Maintainer notes: ----------------- Patch 1: selftests/resctrl: Fix a division by zero error on Hygon - This is a candidate for backport with "Fixes:" tag.
Patch 2: selftests/resctrl: Define CPU vendor IDs as bits to match usage - This is *not* a candidate for backport since it is an enhancement and preparatory patch for patch 3.
Patch 3: selftests/resctrl: Add CPU vendor detection for Hygon Patch 4: selftests/resctrl: Fix non-contiguous CBM check for Hygon - Even though they are fixes they are *not* candidates for backport since they are based on another patch series (x86/resctrl: Fix Platform QoS issues for Hygon) which is in process of being added to resctrl. -----------------
Changelog: v4: - Cover letter: add maintainer notes outlining how these patches to be handled (Reinette). - Re-organize the patch series to move original patch 3 to the beginning of series. The patch order has changed between v3 and v4 (Reinette): v3 -> v4 patch #3 -> patch #1 patch #1 -> patch #2 patch #2 -> patch #3 patch #4 -> patch #4 - Patch 2: 1. Resolve a conflict against latest upstream kernel (Reinette). 2. Fix a nit to maintain the reverse fir ordering of variables in detect_vendor() (Reinette). - Patch 3: add Reviewed-by: Reinette Chatre reinette.chatre@intel.com - Patch 4: move the maintainer note into the cover letter (Reinette).
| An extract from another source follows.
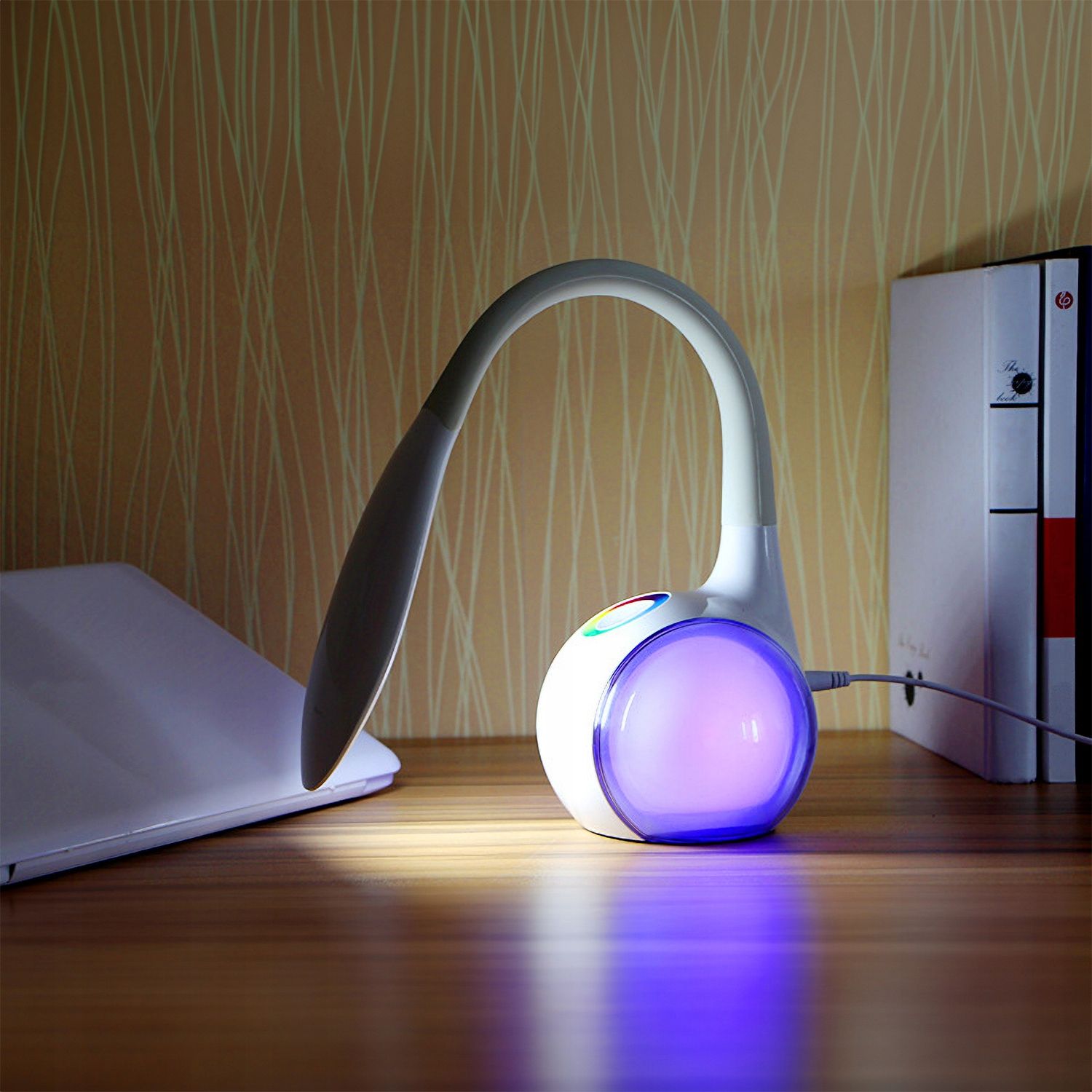 Stolna lampa ima dva neovisna izvora svjetlosti. RGB i BIJELA LED dioda. Njegova svestranost čini je savršenom kao noćno svjetlo, dječja stolna lampa ili romantični ukras.

v3: - Patch 1: 1. Update the return types of detect_vendor() and get_vendor() from 'int' to 'unsigned int' to align with their usage as bitmask values and to prevent potentially risky type conversions (Fenghua). 2. Split the code changes of "define CPU vendor IDs as bits to match usage" from original patch 1 into a separate patch (this patch, suggested by Fenghua and Reinette). 3. Introduce the flag 'initialized' to simplify the get_vendor() -> detect_vendor() logic (Reinette). - Patch 2 (original patch 1): 1. Move the code changes of "define CPU vendor IDs as bits to match usage" into patch 1. - Patch 3 (original patch 2): 1. Fix a nit of code comment for affected platforms (Fenghua). 2. Add Reviewed-by: Fenghua Yu fenghuay@nvidia.com. - Patch 4 (original patch 3): 1. Fix a nit to avoid calling get_vendor() twice (Fenghua). 2. Add Reviewed-by: Fenghua Yu fenghuay@nvidia.com.
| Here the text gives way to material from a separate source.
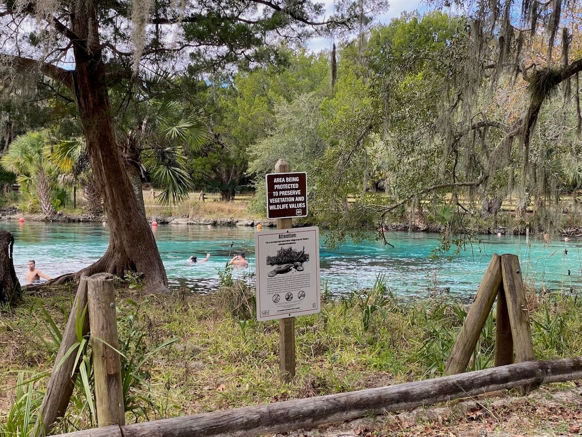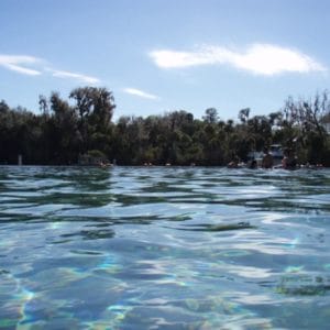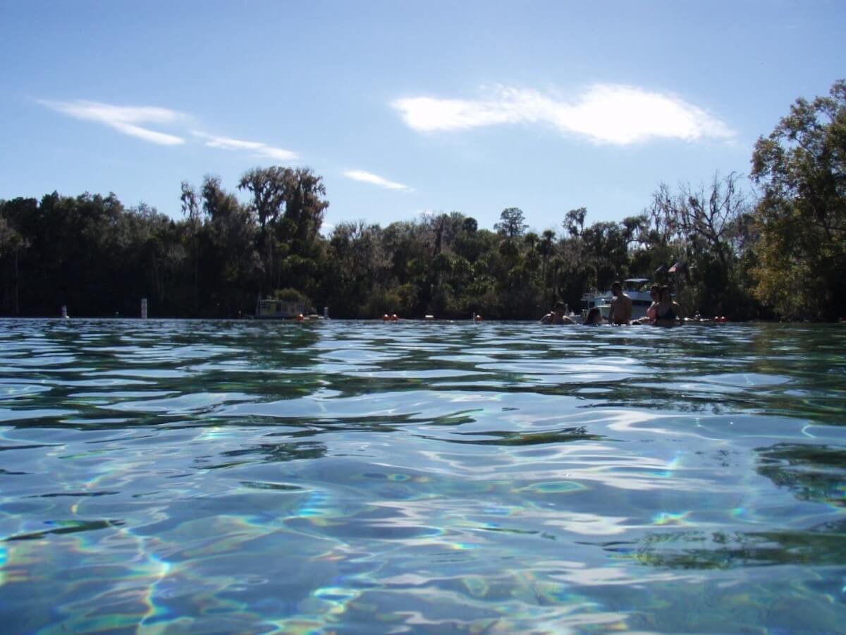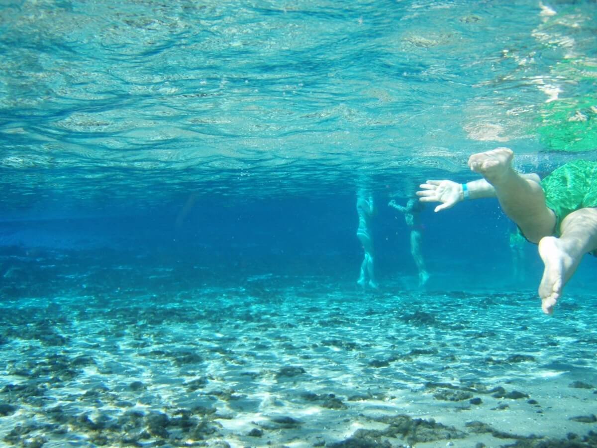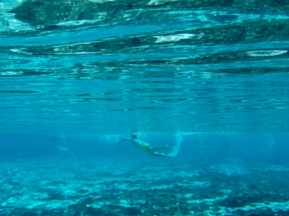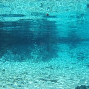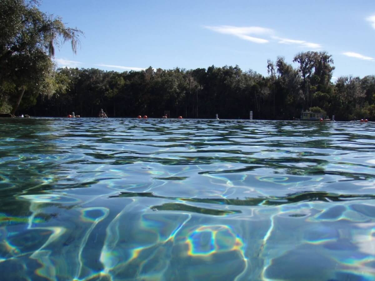 You can snorkel the whole spring pool, which is about 60m wide. On the spring run side, it is delimited by a line of buoys. The swimming area is safe, as it doesn’t allow boats. Most of the spring pool is only 2 to 4ft deep, the deepest area being around the outflow holes, about 18ft deep.

v2: - Patch 1: switch all of the vendor id bitmasks to use BIT() (Reinette) - Patch 2: add Reviewed-by: Reinette Chatre reinette.chatre@intel.com - Patch 3: add Reviewed-by: Reinette Chatre reinette.chatre@intel.com add a maintainer note to highlight it is not a candidate for backport (Reinette)
Xiaochen Shen (4): selftests/resctrl: Fix a division by zero error on Hygon selftests/resctrl: Define CPU vendor IDs as bits to match usage selftests/resctrl: Add CPU vendor detection for Hygon selftests/resctrl: Fix non-contiguous CBM check for Hygon
tools/testing/selftests/resctrl/cat_test.c | 6 ++-- tools/testing/selftests/resctrl/resctrl.h | 8 ++++-- .../testing/selftests/resctrl/resctrl_tests.c | 28 +++++++++++++------ tools/testing/selftests/resctrl/resctrlfs.c | 10 +++++++ 4 files changed, 39 insertions(+), 13 deletions(-)
Commit
a1cd99e700ec ("selftests/resctrl: Adjust effective L3 cache size with SNC enabled")
introduced the snc_nodes_per_l3_cache() function to detect the Intel Sub-NUMA Clustering (SNC) feature by comparing #CPUs in node0 with #CPUs sharing LLC with CPU0. The function was designed to return: (1) >1: SNC mode is enabled. (2) 1: SNC mode is not enabled or not supported.
However, on certain Hygon CPUs, #CPUs sharing LLC with CPU0 is actually less than #CPUs in node0. This results in snc_nodes_per_l3_cache() returning 0 (calculated as cache_cpus / node_cpus).
This leads to a division by zero error in get_cache_size(): *cache_size /= snc_nodes_per_l3_cache();
Causing the resctrl selftest to fail with: "Floating point exception (core dumped)"
Fix the issue by ensuring snc_nodes_per_l3_cache() returns 1 when SNC mode is not supported on the platform.
Fixes: a1cd99e700ec ("selftests/resctrl: Adjust effective L3 cache size with SNC enabled") Signed-off-by: Xiaochen Shen shenxiaochen@open-hieco.net Reviewed-by: Reinette Chatre reinette.chatre@intel.com Reviewed-by: Fenghua Yu fenghuay@nvidia.com --- tools/testing/selftests/resctrl/resctrlfs.c | 10 ++++++++++ 1 file changed, 10 insertions(+)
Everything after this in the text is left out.